Hmm:
On Mon, Feb 23, 2009 at 9:04 PM, Russell Blau russblau@hotmail.com wrote:
- Within the last hour, the server log at
http://wikitech.wikimedia.org/wiki/Server_admin_log indicates that Rob found and fixed the cause of srv31 (and srv32-34) being down -- a circuit breaker was tripped in the data center.
So we conclude that
Feb 12th: a breaker trips, taking four servers offline
(8 days go by, with a number of reports)
Feb 20th: it is noted that srv31 is down, (noted that AC is off?)
(3 days go by)
Feb 23rd: the tripped breaker is found, srv31 restarted (and 8+ hours later, the dumps have not resumed)
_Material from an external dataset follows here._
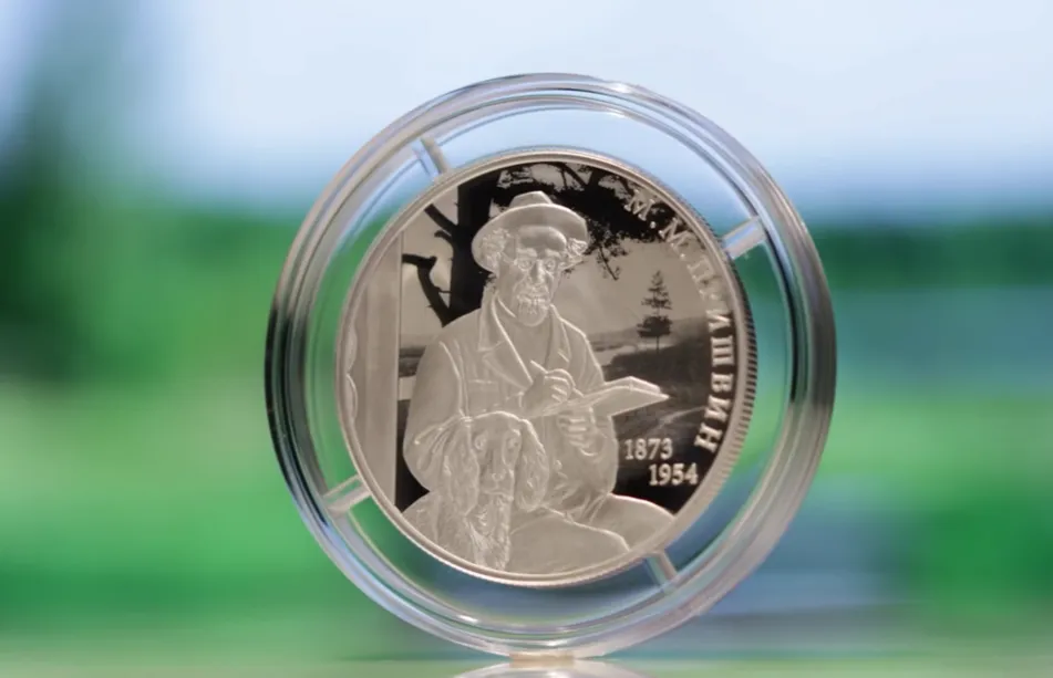 Монета в честь Михаила Пришвина - автора многочисленных рассказов и очерков о родной природе - выпущена 23 января к 150-летию со дня его рождения тиражом в три тысячи штук.

Really? I mean is this for real?
The sequence ought to be something like: breaker trips, monitor shows within a minute or two that 4 servers are offline, and not scheduled to be. In the next 5 minutes someone looks at the server(s), notes that there is no AC power, walks directly to the panel and resets the breaker. How is this *not* done? I'm sorry, I just don't get it. I've run data centres, and it just is not possible to have servers down for AC power for more than a few minutes unless there is a fault one can't locate. (Or grid down, and running a subset on the generators ;-)
Can someone explain all this? Is the whole thing just completely beyond the resource available to manage it?
Best regards, Robert